## About this exercise
Nothing but the lines from the one containing "In Baden-Württemberg sind" through the end of the entries below should be set down, each exactly as written.

*** Block opens ***

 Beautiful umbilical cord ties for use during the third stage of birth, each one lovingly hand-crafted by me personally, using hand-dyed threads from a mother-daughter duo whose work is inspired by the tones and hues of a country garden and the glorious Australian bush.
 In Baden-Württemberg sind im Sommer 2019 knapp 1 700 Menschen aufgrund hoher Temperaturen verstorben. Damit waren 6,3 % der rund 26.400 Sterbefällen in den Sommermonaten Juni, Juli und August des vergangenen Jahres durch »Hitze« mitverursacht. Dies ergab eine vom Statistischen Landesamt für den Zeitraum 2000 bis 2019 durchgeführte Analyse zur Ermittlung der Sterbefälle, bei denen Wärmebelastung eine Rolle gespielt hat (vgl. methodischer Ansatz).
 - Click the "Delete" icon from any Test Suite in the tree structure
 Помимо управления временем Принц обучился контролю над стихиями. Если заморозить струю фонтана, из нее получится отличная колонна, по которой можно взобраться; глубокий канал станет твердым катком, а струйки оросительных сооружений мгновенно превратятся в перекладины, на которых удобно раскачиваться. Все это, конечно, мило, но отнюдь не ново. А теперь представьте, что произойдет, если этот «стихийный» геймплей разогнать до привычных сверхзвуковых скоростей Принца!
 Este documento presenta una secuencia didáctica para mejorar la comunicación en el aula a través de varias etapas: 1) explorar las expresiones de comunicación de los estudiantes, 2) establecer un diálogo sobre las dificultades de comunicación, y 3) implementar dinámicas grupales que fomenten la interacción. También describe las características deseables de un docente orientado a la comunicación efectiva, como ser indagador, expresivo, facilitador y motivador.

*** Block closes ***

## Solution for this task
 In Baden-Württemberg sind im Sommer 2019 knapp 1 700 Menschen aufgrund hoher Temperaturen verstorben. Damit waren 6,3 % der rund 26.400 Sterbefällen in den Sommermonaten Juni, Juli und August des vergangenen Jahres durch »Hitze« mitverursacht. Dies ergab eine vom Statistischen Landesamt für den Zeitraum 2000 bis 2019 durchgeführte Analyse zur Ermittlung der Sterbefälle, bei denen Wärmebelastung eine Rolle gespielt hat (vgl. methodischer Ansatz).
 - Click the "Delete" icon from any Test Suite in the tree structure
 Помимо управления временем Принц обучился контролю над стихиями. Если заморозить струю фонтана, из нее получится отличная колонна, по которой можно взобраться; глубокий канал станет твердым катком, а струйки оросительных сооружений мгновенно превратятся в перекладины, на которых удобно раскачиваться. Все это, конечно, мило, но отнюдь не ново. А теперь представьте, что произойдет, если этот «стихийный» геймплей разогнать до привычных сверхзвуковых скоростей Принца!
 Este documento presenta una secuencia didáctica para mejorar la comunicación en el aula a través de varias etapas: 1) explorar las expresiones de comunicación de los estudiantes, 2) establecer un diálogo sobre las dificultades de comunicación, y 3) implementar dinámicas grupales que fomenten la interacción. También describe las características deseables de un docente orientado a la comunicación efectiva, como ser indagador, expresivo, facilitador y motivador.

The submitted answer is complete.